A numpy array is always an ndarray object, but the elements inside can be different numeric types:

np.array([1, 2, 3])                  # int64 (default for integers)
np.array([1.0, 2.0, 3.0])            # float64 (default for floats)
np.array([1, 2, 3], dtype="float32") # float32 (explicit)

Deep learning typically uses float32 because it's precise enough for neural network math, uses half the memory of float64, and GPUs are optimized for it. That's why our Tensor defaults to dtype="float32".

What's _op and _inputs?

The last two (_op and _inputs) are how we build the computation graph. When you do c = a + b, the resulting tensor c will have _op = "add" and _inputs = [a, b]. That's how it "remembers" its history.

Exercise 2.1: The __init__ method

The Problem

Users will create Tensors in different ways:

Tensor([1, 2, 3])                    # from a Python list
Tensor(5)                            # from a single number
Tensor(np.array([1, 2, 3]))          # from a numpy array
Tensor(some_existing_tensor)         # from another Tensor

Your job: make all of these work. Internally, self.data should always end up as a numpy array—no matter what gets passed in.

Why does this matter?

The rest of your library assumes self.data is a numpy array. If it's sometimes a list, sometimes a Tensor, sometimes an array—everything breaks. So __init__ normalizes the input into a consistent format.

Thinking through it

You need to handle three cases:

What's passed inWhat to doWhy
A TensorExtract its .dataA Tensor contains a numpy array inside—unwrap it
A numpy arrayUse it as-isIt's already what we want
Anything elseConvert with np.array()See below

The "anything else" case uses np.array(), which is quite flexible:

np.array([1, 2, 3])        # list → array([1, 2, 3])
np.array(5)                # scalar → array(5)
np.array((1, 2, 3))        # tuple → array([1, 2, 3])
np.array([[1, 2], [3, 4]]) # nested list → 2D array

So instead of checking for every possible type (list? tuple? int? float?), we just say "if it's not a Tensor or ndarray, hand it to numpy and let numpy figure it out." If someone passes something truly invalid (like a string), np.array() will either convert it to a string array or error—which is fine, because passing a string to a Tensor doesn't make sense anyway.

Starter Code

import numpy as np

class Tensor:
    def __init__(self, input, *, device=None, dtype="float32", requires_grad=True):
        """
        Create a new tensor.

        Args:
            input: Array-like input (list, numpy array, or another Tensor)
            device: Device placement (currently ignored, CPU only)
            dtype: Data type for the array
            requires_grad: Whether to track gradients for this tensor
        """
        # Step 1: Normalize the input to a numpy array

        if isinstance(input, Tensor):
            # Case 1: Unwrap the Tensor
            input = _____

        elif isinstance(input, np.ndarray):
            # Case 2: Already a numpy array
            _____

        else:
            # Case 3: Something else (list, scalar, etc.)
            input = _____

        # Store with the correct dtype
        self.data = input.astype(dtype)

        # Initialize remaining attributes
        self.requires_grad = _____
        self.grad = _____
        self._device = _____
        self._op = _____
        self._inputs = _____
Understanding isinstance()
isinstance(x, SomeType) returns True if x is of type SomeType, otherwise False.
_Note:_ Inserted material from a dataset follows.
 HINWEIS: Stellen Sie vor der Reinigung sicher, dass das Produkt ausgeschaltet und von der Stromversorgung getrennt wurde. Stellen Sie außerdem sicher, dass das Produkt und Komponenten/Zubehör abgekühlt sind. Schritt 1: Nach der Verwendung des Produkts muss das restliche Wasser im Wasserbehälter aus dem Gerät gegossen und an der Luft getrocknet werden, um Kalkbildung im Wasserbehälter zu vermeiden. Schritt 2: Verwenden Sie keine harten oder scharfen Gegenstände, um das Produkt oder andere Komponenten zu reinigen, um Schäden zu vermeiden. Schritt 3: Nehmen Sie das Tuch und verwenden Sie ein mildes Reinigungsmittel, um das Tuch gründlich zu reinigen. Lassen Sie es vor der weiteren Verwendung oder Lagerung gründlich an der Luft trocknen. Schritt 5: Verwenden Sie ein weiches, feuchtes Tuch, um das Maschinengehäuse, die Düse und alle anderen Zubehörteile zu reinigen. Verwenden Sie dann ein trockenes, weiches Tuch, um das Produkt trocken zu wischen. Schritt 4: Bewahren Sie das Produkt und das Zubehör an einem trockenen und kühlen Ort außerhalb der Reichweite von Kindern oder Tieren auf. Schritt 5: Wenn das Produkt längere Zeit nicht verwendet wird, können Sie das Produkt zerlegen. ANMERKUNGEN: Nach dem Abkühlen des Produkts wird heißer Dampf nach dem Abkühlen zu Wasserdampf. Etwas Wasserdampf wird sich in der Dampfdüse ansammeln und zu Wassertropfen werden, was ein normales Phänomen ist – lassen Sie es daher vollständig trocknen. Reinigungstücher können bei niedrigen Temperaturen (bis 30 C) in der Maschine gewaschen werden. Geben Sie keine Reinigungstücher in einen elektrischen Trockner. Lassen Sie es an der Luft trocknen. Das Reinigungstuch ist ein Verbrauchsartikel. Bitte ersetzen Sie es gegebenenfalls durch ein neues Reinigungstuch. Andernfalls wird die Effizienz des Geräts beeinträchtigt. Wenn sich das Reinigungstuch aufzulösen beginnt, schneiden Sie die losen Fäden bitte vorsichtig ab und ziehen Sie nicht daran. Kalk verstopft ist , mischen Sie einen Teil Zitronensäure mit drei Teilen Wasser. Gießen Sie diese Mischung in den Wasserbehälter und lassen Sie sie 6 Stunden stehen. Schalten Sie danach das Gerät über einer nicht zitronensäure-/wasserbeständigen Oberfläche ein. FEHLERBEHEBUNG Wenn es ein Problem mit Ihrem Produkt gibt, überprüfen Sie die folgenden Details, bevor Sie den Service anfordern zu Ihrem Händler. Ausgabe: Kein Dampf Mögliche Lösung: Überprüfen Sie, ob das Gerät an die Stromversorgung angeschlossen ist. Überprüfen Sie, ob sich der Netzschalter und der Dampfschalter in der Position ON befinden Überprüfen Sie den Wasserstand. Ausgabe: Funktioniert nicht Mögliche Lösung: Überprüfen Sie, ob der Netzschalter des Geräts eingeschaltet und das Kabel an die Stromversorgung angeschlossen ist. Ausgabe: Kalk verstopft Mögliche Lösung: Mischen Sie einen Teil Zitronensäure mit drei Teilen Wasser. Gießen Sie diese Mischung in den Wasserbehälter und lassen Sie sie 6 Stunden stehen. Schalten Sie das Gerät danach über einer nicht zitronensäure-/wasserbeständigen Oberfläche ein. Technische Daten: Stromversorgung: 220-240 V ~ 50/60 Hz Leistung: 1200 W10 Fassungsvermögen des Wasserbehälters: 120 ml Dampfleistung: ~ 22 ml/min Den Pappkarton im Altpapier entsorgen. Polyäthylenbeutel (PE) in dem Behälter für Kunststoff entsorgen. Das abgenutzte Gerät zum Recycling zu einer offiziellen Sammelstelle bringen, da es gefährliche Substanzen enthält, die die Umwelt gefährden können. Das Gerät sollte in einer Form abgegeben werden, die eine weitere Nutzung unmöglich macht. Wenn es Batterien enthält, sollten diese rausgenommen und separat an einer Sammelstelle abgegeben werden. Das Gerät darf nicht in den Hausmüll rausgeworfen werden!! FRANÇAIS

For example:
isinstance([1, 2, 3], list)      # True
isinstance([1, 2, 3], np.ndarray) # False
isinstance(np.array([1,2,3]), np.ndarray)  # True

2.2 Data operations

Now that we have the basic Tensor class, let's extend it by adding a few simple methods that are helpful for working with tensors. For now, we'll focus on:

These are simple properties of the Tensor class.

class Tensor:
    @property
    def shape(self):
        """Shape of the tensor."""
        return self.data.shape

    @property
    def dtype(self):
        """Data type of the tensor."""
        return self.data.dtype

    @property
    def ndim(self):
        """Number of dimensions."""
        return self.data.ndim

    @property
    def size(self):
        """Total number of elements."""
        return self.data.size

    @property
    def device(self):
        """Device where tensor lives."""
        return self._device

Now that we have basic properties let's focus on getting the actual data stored in a Tensor.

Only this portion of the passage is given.